Introduction

The early studies of soil actinomycetes conducted by Waksman and his colleagues led to the discovery of antibiotics such as actinomycin and streptomycin, of which streptomycin subsequently became medicine for tuberculosis [1]. Since streptomycin was discovered from Streptomyces griseus in 1944, multiple types of antibiotics have been isolated from actinomycetes, primarily from organisms of the genus Streptomyces; the early years of this process are now considered the “Golden Age” of antibiotic development. Classically, soil-derived Streptomyces has been used as a resource in screening for novel antibiotics [2, 3]. To date, the number of bioactive secondary metabolites produced by microorganisms, including those from actinomycetes, is thought to exceed 50,000, and those with bioactivity are thought to number some 22,000 to 23,000 [2]. However, only a tiny fraction (<1%) of such bioactive microbial secondary metabolites are used directly in our day-to-day life [2]. Most of these compounds are derived from actinomycetes, such that about 50–55% of known bioactive compounds, are produced by members of the genus Streptomyces [4].

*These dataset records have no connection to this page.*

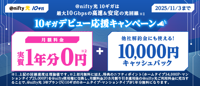 ニフティが「@nifty光 10ギガ」提供開始、最大10Gbpsの光回線サービス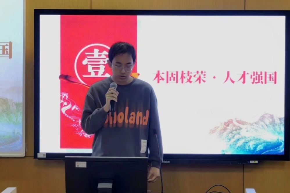活动开始,李翔同学首先介绍了本次主题团日的活动主题与学习内容,并对国家与人才的关系进行简单阐释。接下来,活动进入第一环节,政策学习指引。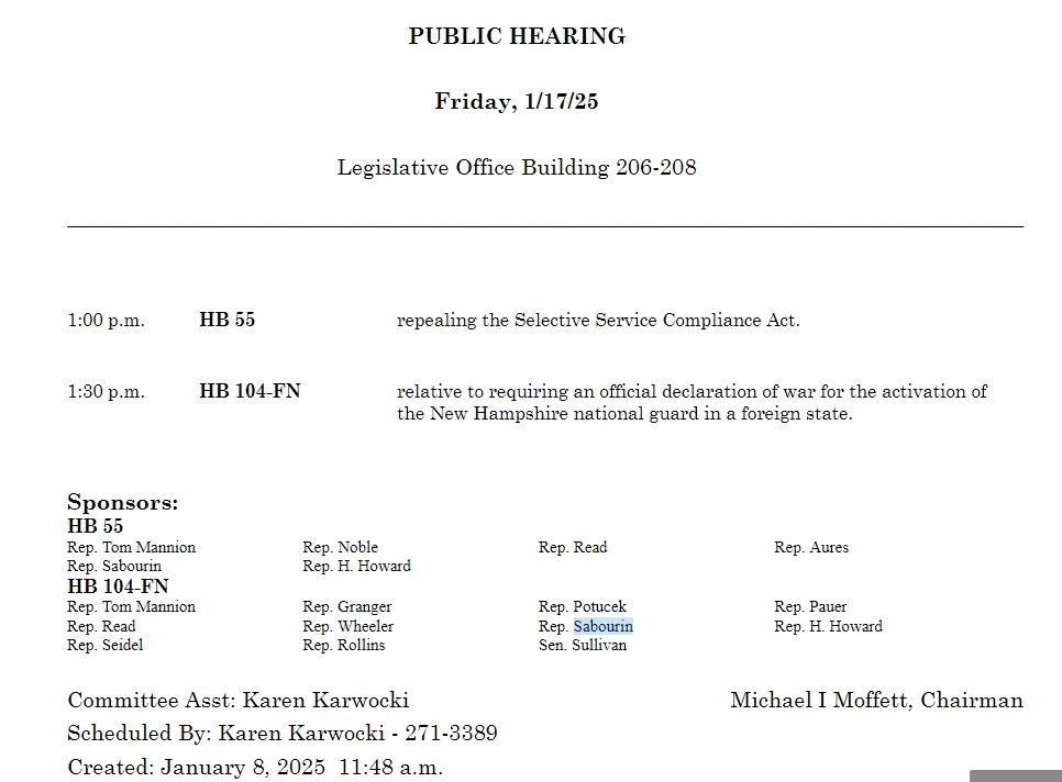 The heavy-hitting Defend the Guard is already scheduled for a hearing, Friday January 17 at 1:30pm at the Legislative Office Building in Concord NH, Room 206! Preceding that is my bill to prune out Selective Service Compliance Act from RSA at 1pm. If you can make it, please show up to testify!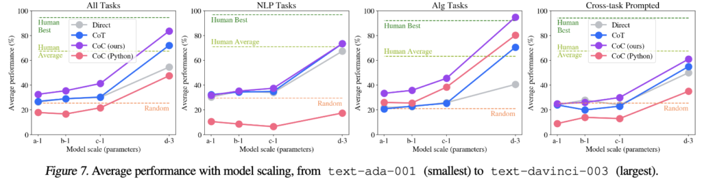 여기선 언어 모델에 다양한 문제의 예시를 제공했습니다. 그림 7과 표 1에 따르면, 모든 접근법에서 성능이 감소했지만, CoC는 대규모 모델에서도 CoT와 직접 프롬프팅보다 우수한 성능을 보여주며 human 평균 성능에 거의 도달했습니다. 이는 동일한 유형의 예시가 제공되지 않는 일반적 추론 작업에서도 CoC가 효과적일 가능성이 있다고 볼 수 있겠습니다.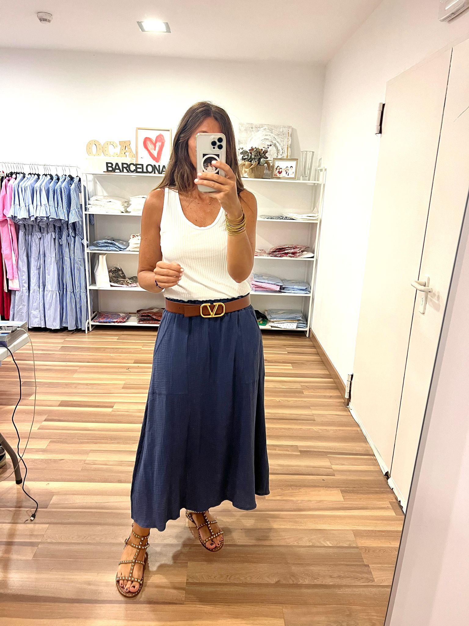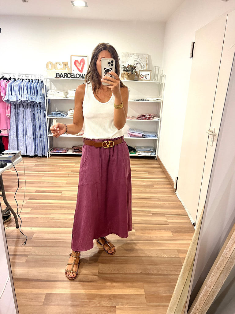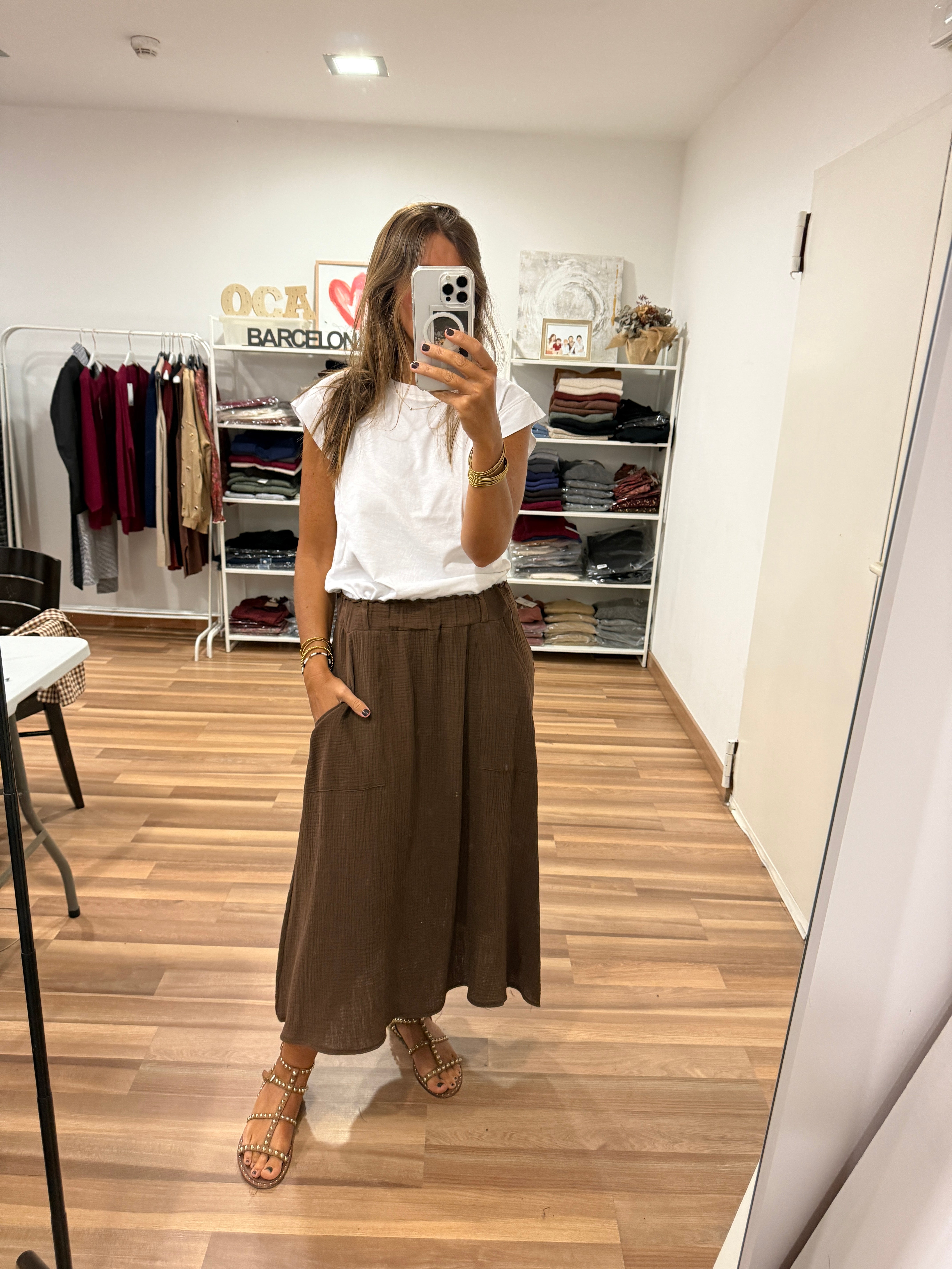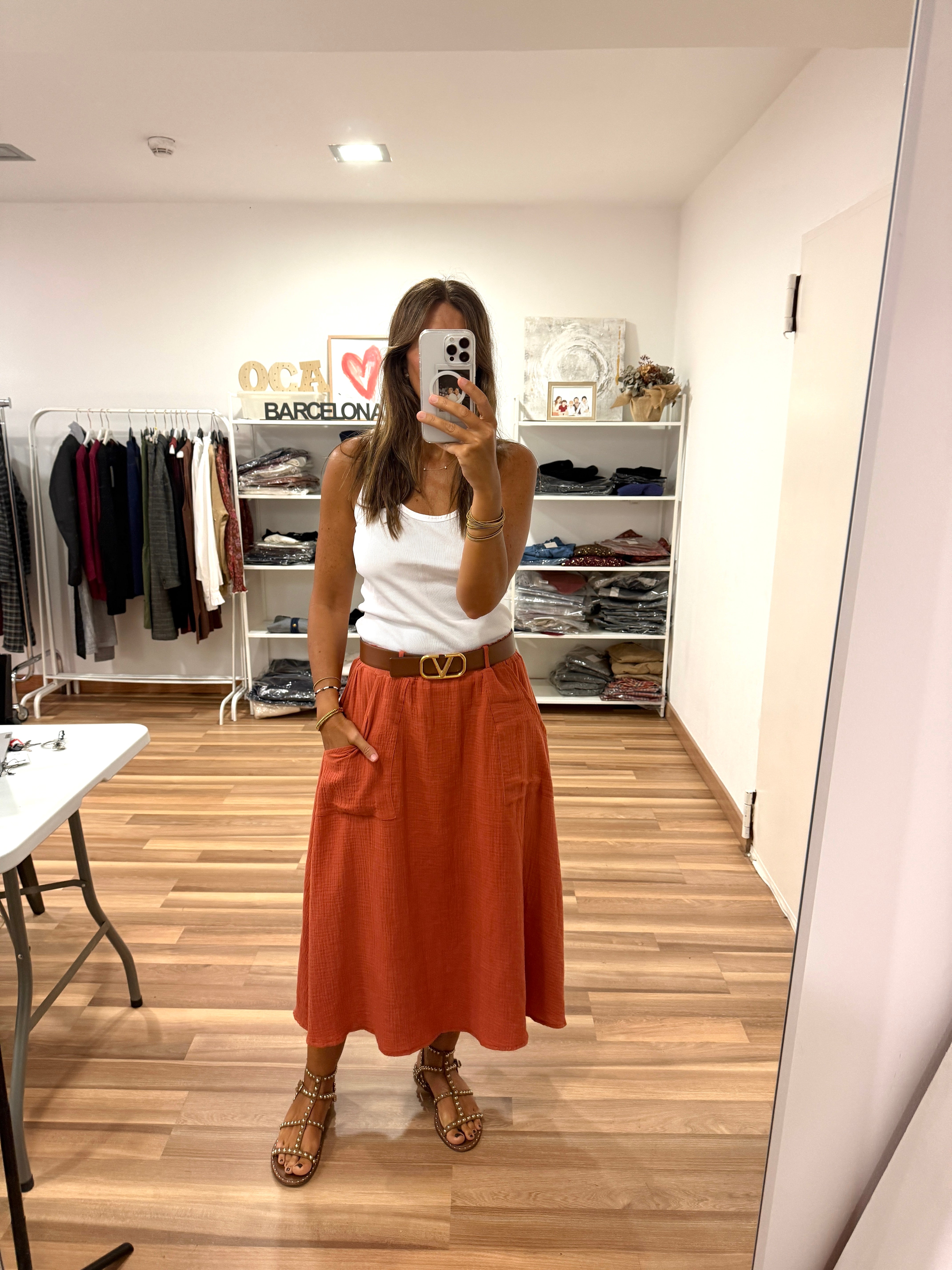 Falda muselina ideal , midi, con bolsillos laterales y trabillas para cinturón. Talla única

Since the late 1980s, the number of novel compounds isolated from terrestrial microorganisms has steadily decreased, causing a decline in the identification of new antibiotics [5, 6]. Therefore, many researchers have been interested in exploring actinomycetes from under-investigated (non-soil) habitats [7, 8]. In recent studies, many actinomycetes have been found in marine environments such as coastal sediments, deep-sea sediments, marine sponges, seaweeds, etc. [9,10,11,12,13]. For example, Streptomyces tirandamycinicus [14] was isolated from a marine sponge and Streptomyces xinghaiensis [10] was isolated from marine sediment. Notably, such marine-derived Streptomyces have been the sources of novel compounds, including respectively the antibacterial tirandamycin [14], desertomycin G [15] and the antimicrobial tunicamycin E [16]. Thus, the screening of samples obtained from marine environments is expected to lead to the discovery of novel actinomycetes and antibiotics [17]. Therefore, we decided to focus on screening marine environments, such as coastal sediments in Japan, for both novel actinomycetes and metabolites.

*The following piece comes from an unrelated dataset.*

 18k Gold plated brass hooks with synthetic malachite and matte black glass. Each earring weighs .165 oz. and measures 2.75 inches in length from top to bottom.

In our continuing efforts to explore marine-derived actinomycetes, more than 200 strains were isolated, and tentative identification based on the 16S rRNA gene sequences revealed that they belong to 18 genera. One of those, strain CWH03T was isolated from coastal sediments surrounding Ishigaki Island, Okinawa, Japan. As reported previously, this strain produces spongiicolazolicins, a novel class of linear-azole-containing peptides [18]. Furthermore, strain CWH03T was considered to be a novel species closely related to S. spongiicola based on average nucleotide identities (ANI) using blast search [19] and multilocus sequence analysis (MLSA) with a concatenated sequence of atpD, gyrB, recA, rpoB, and trpB. The aim of the present study was to clarify the taxonomic position of strain CWH03T using a polyphasic taxonomic approach based on genomic, molecular, physiological, chemotaxonomic, and morphological characterizations.

Materials and Methods

Isolation and maintenance of organism

The isolation and maintenance of strain CWH03T was previously described by Suzuki et al. [18]. Briefly, strain CWH03T was isolated from a marine sediment sample collected from the coast of Ishigaki Island, Okinawa, Japan, and maintained on ISP (International Streptomyces Project) Medium No. 2 (ISP 2) [20] agar plates.

Molecular analyses

Colonies grown on a solid medium were processed using PrepMan® Ultra Reagent (Thermo Fisher Scientific, USA) according to the manufacturer’s instructions; the resulting genomic DNA was used as a template for PCR amplification. Reactions consisted of 25 µL of 2 × Quick Taq® HS DyeMix (TOYOBO, Japan), 1 µL of each primer, and 1 µL of template DNA, brought to a total volume of 50 µL with ddH2O. The 16S rRNA gene was amplified from the template DNA using a pair of primers: 9F (5’-GAGTTTGATCCTGGCTCAG-3’) and 1541R (5’-AAGGAGGTGATCCAGCC-3’) [21]. The PCR cycle program was as follows: initial denaturation at 95 °C for 5 min; followed by 30 cycles at 95 °C for 60 s (denaturation), 55 °C for 60 s (annealing), and 72 °C for 65 s (extension). The amplified PCR products were purified using a MonoFas DNA Purification Kit (GL Sciences, Japan) and then sequenced by a commercial sequencing service (FASMAC, Japan) using the following primers: 9F, 1541R, 785F (5’-GGATTAGATACCCTGGTAGTC-3’), and 802R (5’-TACCAGGGTATCTAATCC-3’). Nucleotide sequence assembly and editing were performed using GENETYX ATGC software, version 7.0 (GENETYX Co., Tokyo, Japan). The calculation of 16S rRNA gene sequence similarities was performed using the EzBioCloud database [22]. The phylogenetic tree was reconstructed using the neighbor-joining [23], maximum-parsimony [24], and maximum-likelihood (ML) [25] tree-making algorithms in Molecular Evolutionary Genetics Analysis (MEGA) software, version 10 [26]. Evolutionary distances were evaluated using the Kimura’s two-parameter model, and tree topologies in all algorithms were estimated by bootstrap analysis with 1000 replicates [27].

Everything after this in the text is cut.